Large Molecule Bioanalysis using LC/MS
Introduction to Large Molecules
Therapeutics are an ever-evolving landscape of modalities which range in complexity but can be grouped into two broad categories: small molecules and large molecules. Small molecule therapeutics have historically dominated the marketplace and currently account for roughly 75% of all pharmaceutical drugs. The first therapeutic classified as a large molecule biologic to be approved by the FDA was recombinant human insulin in 1982. The first FDA approval of a large molecule antibody therapeutic, the murine antibody Muromonab-CD3 (OKT3), quickly followed in 1986. Since then, large molecules have become increasingly prevalent in drug development pipelines with more recent successes including many products with worldwide recognition such as the top-selling drug Humira which is an antibody-based therapeutic for treatment of rheumatoid arthritis. Examples of large molecule therapeutics are:
- Monoclonal antibodies
- Bispecific antibodies
- Antibody-drug conjugates (ADCs)
- Recombinant enzymes
- Polypeptides
- Adoptive cell therapies (ex. Chimeric Antigen Receptor or CAR T cells)
- Viral vector gene therapies (ex. Adeno-associated Virus or AAV)
- Non-viral vector gene therapies (ex. Lipid Nanopartical or LNP)

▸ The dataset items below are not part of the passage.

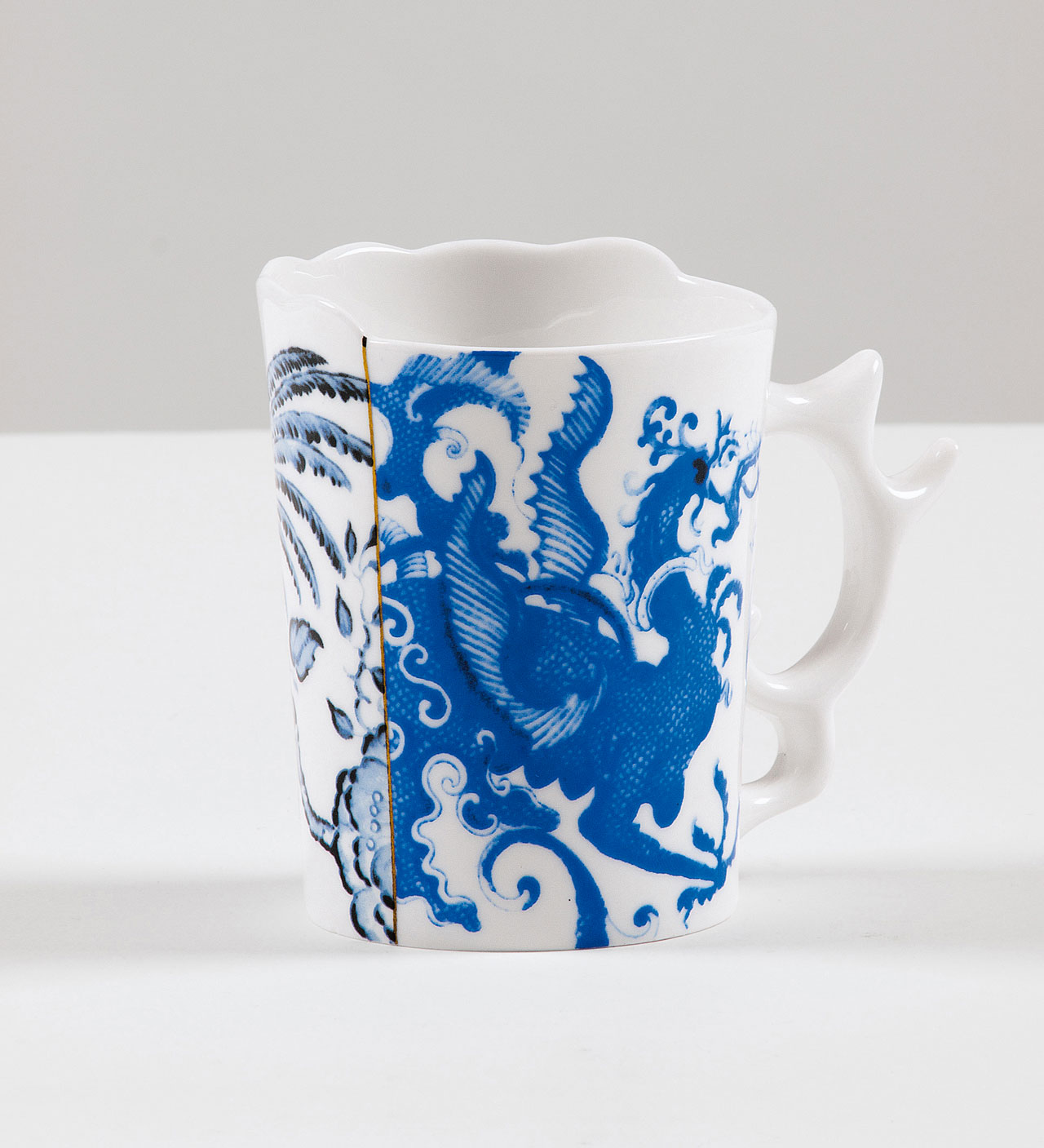 Три чаши, три обеденные тарелки, три блюдца, три кружки для чая, три — для кофе и салатница сделаны дизайн-бюро CtrlZak для марки Seletti из фарфора и украшены на особый манер.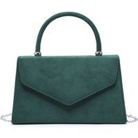Suede Clutch Bag with top handle, magnetic button clasp, Internal slip pocket For Card Storage and detachable metal chain. Size:20 X 6 X 13 cm; Handle Drop:8 cm. | JFY Women's Top Handle Suede Clutch Bag in Dark Green - Manufacturers part number: JFY_5056821405253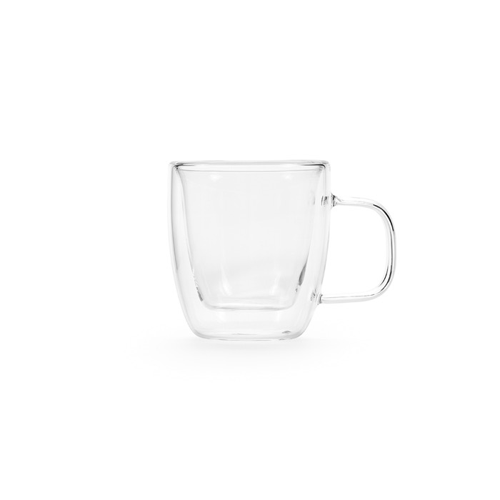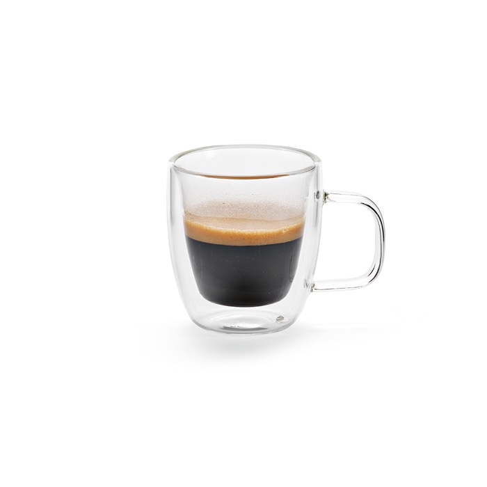 Taza de cristal de 65 ml (50 ml líquidos), elaborada en vidrio de borosilicato. Su diseño de doble pared mantiene el expreso caliente. Perfecta para disfrutar del café matutino, presentada en caja individual.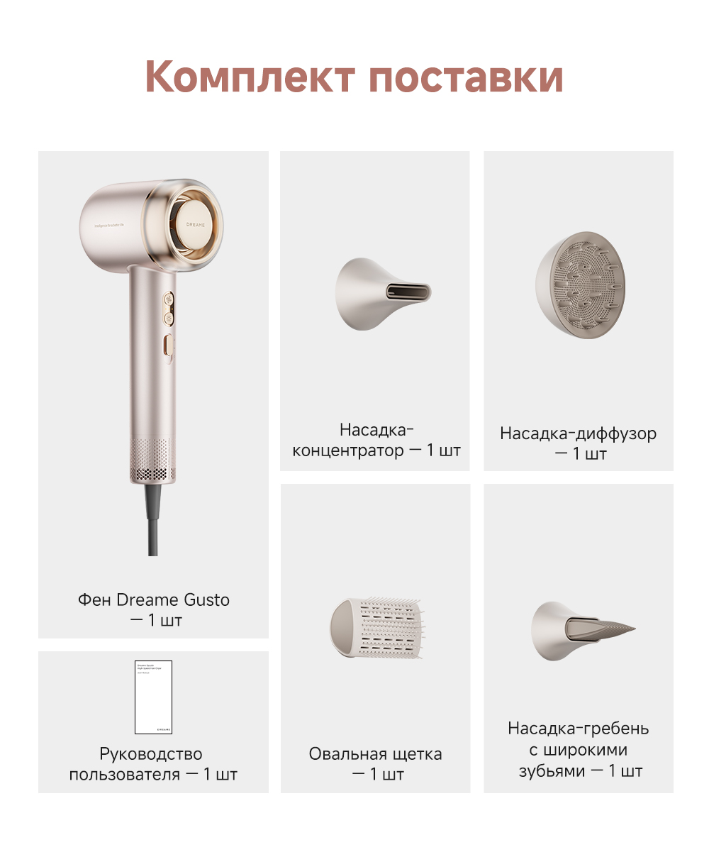Фен, насадка-концентратор, насадка-диффузор, овальная щётка, насадка-гребень с широкими зубьями, руководство пользователя.

- Recombinant cytokines and growth factors
Large Molecule Bioanalysis
Preclinical and clinical testing of any therapeutic requires specific strategies to evaluate the pharmacokinetics (PK), safety, and efficacy of the therapeutic after administration. However, the bioanalytical methods and platforms used to support large molecules have historically been distinct from those that are commonly applied to small molecules. For example, PK assessments of large molecules commonly leverage ligand binding assay (LBA) platforms such as ELISA (enzyme-linked immunosorbent assay), MSD-ECL (electrochemiluminescence), Gyros, and Luminex. In contrast, small molecule PK assays typically use Liquid Chromatography-Mass Spectrometry (LC/MS). Â
LC/MS is a technique that involves the physical separation of target compounds (or analytes) by liquid chromatography followed by their ionization and detection by mass spectrometry. LC/MS can be used for separation, identification, and quantification of both unknown and known compounds as well as elucidation of the structure and chemical properties of different molecules. Recent advancements in LC/MS technology with improved bioinformatics have enabled the application of this technique to new bioanalytical areas to support large and complex modalities. In particular, there has been an increase in the use of LC/MS as an alternative to LBA for large molecule PK assessments, supporting such modalities as monoclonal antibodies, polypeptides, and ADCs.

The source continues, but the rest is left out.